Type.function() # Creates a function with which takes no parameters and returns void
Type.function(Type.void(), [(Type.int(4), 'arg1')]) # Create a function type which takes an integer as parameter and returns void
Type.function(params=[(Type.int(4), 'arg1')]) # Same as the above
# Similarly through their classes directly
FunctionType.create()
FunctionType.create(Type.void(), [(Type.int(4), 'arg1')])
FunctionType.create(params=[(Type.int(4), 'arg1')])

Create Anonymous Structures/Class/Unions

In Binary Ninja's type system supports anonymous and named structures. Anonymous structures are the simplest to understand, and what most people would expect.

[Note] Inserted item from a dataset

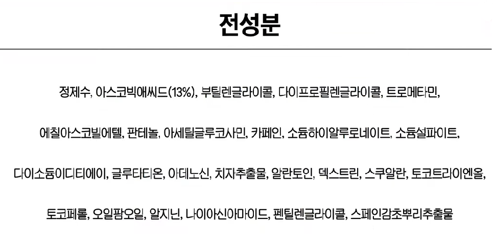 가장 먼저 성분표부터 살펴볼게요. 정제수 바로 다음 순수 비타민C(아스코빅애씨드)가 무려 13%나 함유되어 있어요. 강력한 항산화, 항염 효과는 물론 멜라닌 색소 형성 억제 기능까지 갖춘 핵심 성분이죠. 그 뒤를 이어 안정성을 개선한 비타민C 유도체 '에칠아스코빌에텔'이 미백과 탄력을 돕고, 피부 장벽을 강화하는 '판테놀', 색소침착을 완화하는 '아세틸글루코사민'과 '글루타티온', 주름 개선 기능성 성분인 '아데노신'까지! 전반적으로 항산화, 미백, 보습, 탄력을 모두 잡으려는 똑똑한 조합이라는 걸 알 수 있었어요.

Type.structure(members=[(Type.int(4), 'field_0')], type=StructureVariant.UnionStructureType) # Create a union with one integer members
Type.structure(members=[(Type.int(4), 'field_0'), (Type.int(4), 'field_4')], packed=True) # Created a packed structure containing two integer members
Type.structure(members=[(Type.int(4), 'field_0')], type=StructureVariant.ClassStructureType) # Create a class with one integer members
# Similarly through their classes directly
StructureType.create(members=[(Type.int(4), 'field_0')], type=StructureVariant.UnionStructureType)
StructureType.create(members=[(Type.int(4), 'field_0'), (Type.int(4), 'field_4')], packed=True)
StructureType.create(members=[(Type.int(4), 'field_0')], type=StructureVariant.ClassStructureType)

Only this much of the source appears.